According to the case definition, the ground truth positives in the dataset were derived from the results of inspections for lesions and M. bovis culture which has limited sensitivity. It is possible that some of the infected animals were identified as bTB-negative by the lesion inspections, which led to herds incorrectly labelled as ground truth negatives in the dataset. Due to the lack of a perfect bTB diagnostic test, these mislabelled data instances were inevitable, therefore limiting our ability to accurately and robustly validate our predictions of breakdowns. For this reason, together with the fact that the animal-level specificity of the SICCT test in GB is estimated as 99.98%, it would be more conservative to treat reactors as bTB-positive irrespectively of the model’s output when implementing the ML model in a real-world situation. However, a model’s prediction can improve the interpretation of the herd-level SICCT test when its result is negative. In this case, movement restrictions and follow-up testing should be issued if a herd is classified as a future breakdown by the model.

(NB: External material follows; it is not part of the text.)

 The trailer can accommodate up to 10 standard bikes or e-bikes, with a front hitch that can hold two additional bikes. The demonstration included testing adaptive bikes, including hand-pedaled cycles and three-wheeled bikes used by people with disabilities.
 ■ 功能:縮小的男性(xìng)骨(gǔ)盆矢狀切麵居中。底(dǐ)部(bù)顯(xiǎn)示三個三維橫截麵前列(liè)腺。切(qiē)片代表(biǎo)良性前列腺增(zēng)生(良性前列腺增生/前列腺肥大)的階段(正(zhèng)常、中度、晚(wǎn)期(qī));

In conclusion, our ML model obtained significantly higher HSe and HSp than the herd-level SICCT test alone. This shows that ML methods can work as a framework for incorporating risk factor data from multiple sources into a predictive model to improve early bTB detection. Using routinely collected and freely available data, we are now able to provide a data-driven guidance for herd-level bTB diagnostics. This can directly improve the bTB control programme in GB by producing a list of priority high-risk farms for routine SICCT testing, helping scheduling follow-up tests and imposing animal movement restrictions. Importantly, these additional control measures can mitigate further disease spread and limit the number of secondary cases. The ML-based sophisticated interpretation of the herd-level SICCT test proposed in this study can support policy-makers and it encourages better-informed decision making.

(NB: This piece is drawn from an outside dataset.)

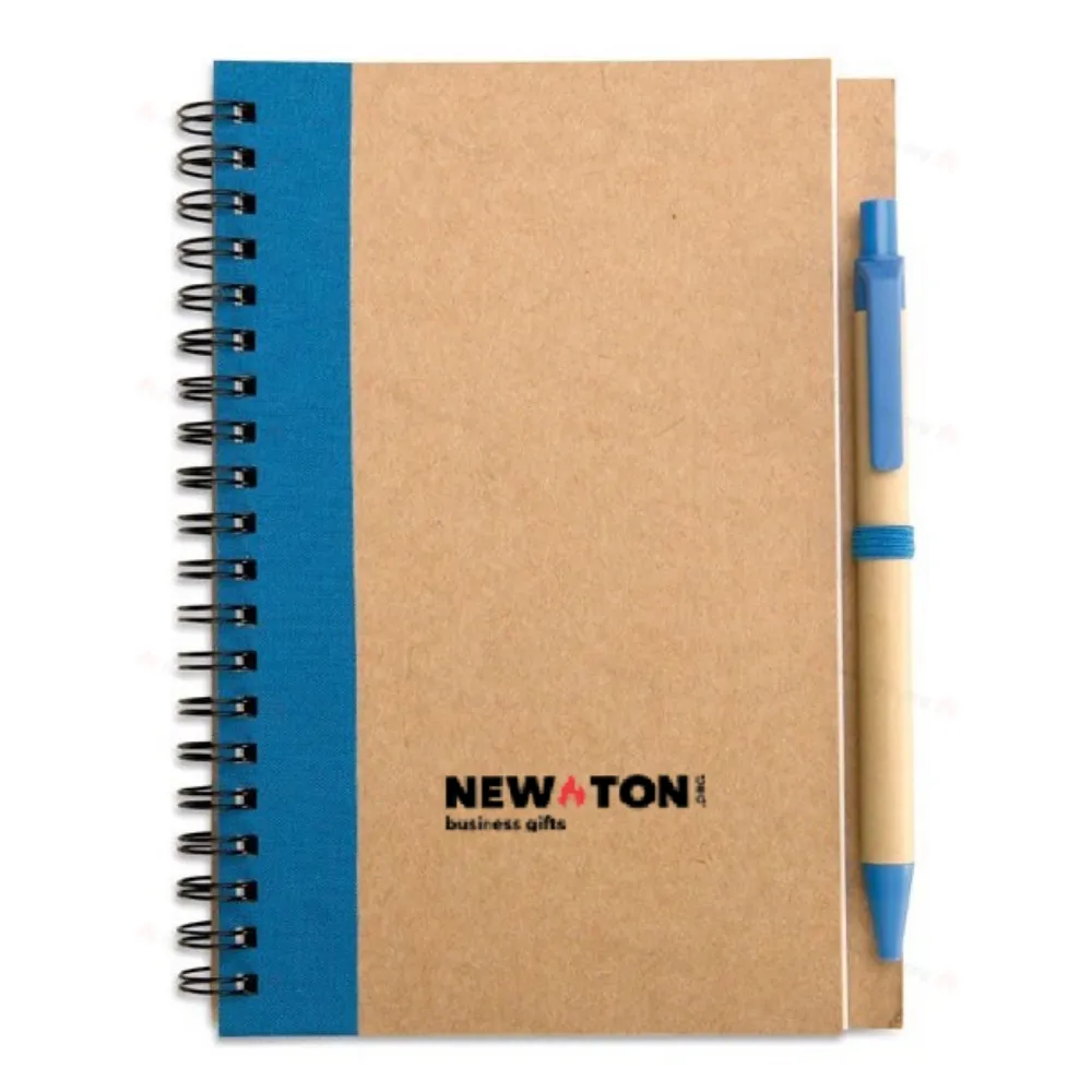 Блокнот из переработанной бумаги с ручкой в цвет. 140 страниц нелинованной переработанной бумаги (70 листов). Нажимная шариковая ручка из переработанного картона и биоразлагаемого пластика. Синие чернила. Эластичный держатель для ручки в цвет. FSC MIX CREDIT | P7.1 | FSC-C213206

Data sources and input variables

In GB, it is compulsory to record whether each animal-level SICCT test is positive or negative. The records are gathered by the Animal and Plant Health Agency (APHA) into the bTB surveillance database (SAM) where every holding is uniquely identifiable by a County Parish Holding (CPH) number. The same holding identifiers are used in the Cattle Tracing System (CTS) database26, which tracks between-farm cattle movements in GB. Based on the CPH number, the two databases were combined and variables related to animal movements and SICCT tests were derived to provide input into the ML algorithms. These variables were compiled into a dataset where each data instance represented a herd at the time of the routine SICCT testing. In general, every available characteristic of a farm was expressed as a numeric value, where real numbers corresponded to continuous values (e.g., easting and northing of a herd) and 0 or 1 encoding corresponded to categorical variables (e.g., SICCT test interpretation basis—standard or severe).

SICCT test results

Every record of a SICCT test result conducted in England, Wales and Scotland between 2012 and 2015 was used in this analysis, together with the test interpretation basis (standard or severe), date the test was carried out, the CPH number of the tested holding, herd size and whether a lesion inspection and/or M. bovis culture confirmed the infection. All animal-level test results were aggregated and dichotomised at the herd-level, informing whether at least one reactor had been found in a herd. In total, over 500,000 herd-level results were recorded during the study period. Variables capturing the bTB breakdown history of a farm were derived from records of the previous tests. Here, the farms were described by the number of days from the last three SICCT tests and their herd-level results, number of past bTB breakdowns, and number of days from the last three bTB breakdowns which were confirmed with lesions and the duration of these breakdowns in days.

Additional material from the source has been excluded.